Gini Wijnaldum's struggles at PSG have already seen him linked with a swift return to the Premier League, underlining the perils of quitting Anfield
This is not how Gini Wijnaldum pictured it in his head.
Five months into his Paris Saint-Germain career, the Netherlands international finds himself with a fight on his hands.
For his place, for acceptance and recognition and, perhaps, for his future too.
If recent reports are to be believed, then PSG may already be willing to let the 31-year-old leave.
Wijnaldum, apparently, has not settled in the French capital, has not been particularly welcomed by his team-mates and would be open to a move, in particular a return to the Premier League.
What a strange state of affairs. This had looked like the ideal move for all parties when it was confirmed back in June, but now Wijnaldum finds himself being linked with a loan switch to Arsenal or West Ham or Newcastle.
How quickly the world turns, eh? The perils of leaving Liverpool, you might say.
Like Philippe Coutinho before him, Wijnaldum has discovered that the grass isn’t always greener. Life after Anfield, it seems, can be tough, even for the best and the most dedicated.
Wijnaldum left the Reds a hero, a Champions League winner and a Premier League champion. He was the ultimate team player, versatile and durable, prepared to play in attack and defence as well as midfield.
He scored big goals and played in big games. In five years on Merseyside, in fact, he played in more games than anybody else. There were 237 of them in total, a staggering figure for a modern-day midfielder.
Life has been different in Paris, where Wijnaldum has so far started only 11 times and made 10 substitute appearances.
“Very difficult,” he admitted back in October, revealing that “the situation is not what I wanted.”
PSG may be romping away with Ligue 1, and have a Champions League last-16 tie against Real Madrid to look forward to in the New Year, but life is far from perfect at Parc des Princes.
Mauricio Pochettino is under pressure – himself linked strongly with a return to England – and his team, for all its dazzling individual quality, looks imbalanced and lacks cohesion.
They win games because of their talent, but the feeling is that they will come unstuck against better opponents, particularly in the knockout stages of the Champions League. That’s the true cost of having a forward line of Neymar, Kylian Mbappe and Lionel Messi, you might say.
Wijnaldum, you would have thought, would have helped in that regard, given his ability to sacrifice himself for the good of the team.
But while there have been flashes of late – two goals against RB Leipzig, for example, and a last-minute equaliser at Lens – the general consensus is that his performances have been below the standard expected.

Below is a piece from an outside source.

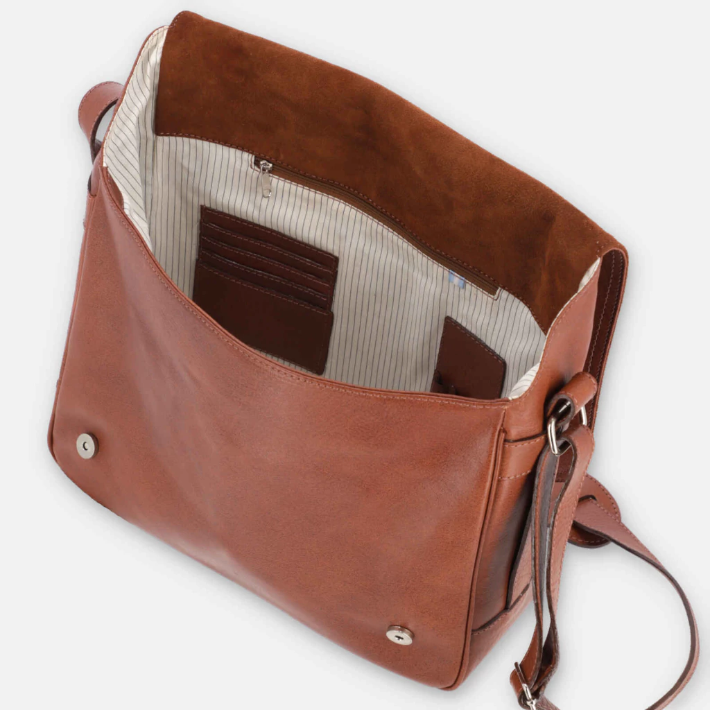 👜 Correa: bandolera de cuero regulable con mosquetones laterales; ajuste preciso para llevar cruzado sin abultar.

He has been criticised, in particular, for playing too safe with his passing, and for not taking enough responsibility in building the game up.
Observers also say he has looked sluggish, both on and off the ball, and there have been moments where his team-mates – Messi and Mbappe, in particular – have openly expressed frustration.
Rather unfairly, it has been suggested that the dressing room, generally, is yet to accept him.
Wijnaldum was a big character at Liverpool, one of the club’s four captains under Klopp before his departure, but he has found PSG a little more cliquey and a little less welcoming. And certainly, he is yet to feel the love from the supporters.
Maybe there is a lesson there, given the interview Wijnaldum gave following his Anfield exit.
In it, he complained that he didn’t always feel “loved and appreciated” by Liverpool fans, particularly those venting their spleen on social media.
“If we lost, I was the one who got the blame,” he claimed, though the reception he got from 10,000 Reds fans after his final game for the club, against Crystal Palace in May, suggests his critics were in the minority. Certainly, Klopp and his team-mates knew his value. There were plenty of tears on his last day.
He wanted to stay at Liverpool, but felt the club didn’t value him as much as they ought to have.
Negotiations over a new deal broke down and were not resumed, and he saw out his contract in difficult circumstances, captaining an injury-hit side in behind-closed-doors games as the 2019-20 champions struggled to sneak a top-four finish in the following campaign.
PSG looked, on paper at least, an ideal move. Certainly better than Barcelona, where he was originally expected to end up.
Wijnaldum, selfless and consistent, looked the ideal player to help balance Pochettino’s side, providing nous and reliability, as well as top-level experience.
He still can, of course. PSG will win Ligue 1 and are capable of winning the Champions League too, for sure. Wijnaldum may still have a role to play, even if it won’t be as integral as the one he had on Merseyside.
His experience, and that of Coutinho, should serve as a warning, however, to those considering a future beyond Liverpool.
Do so at your own risk. After Anfield, these days the only way is down.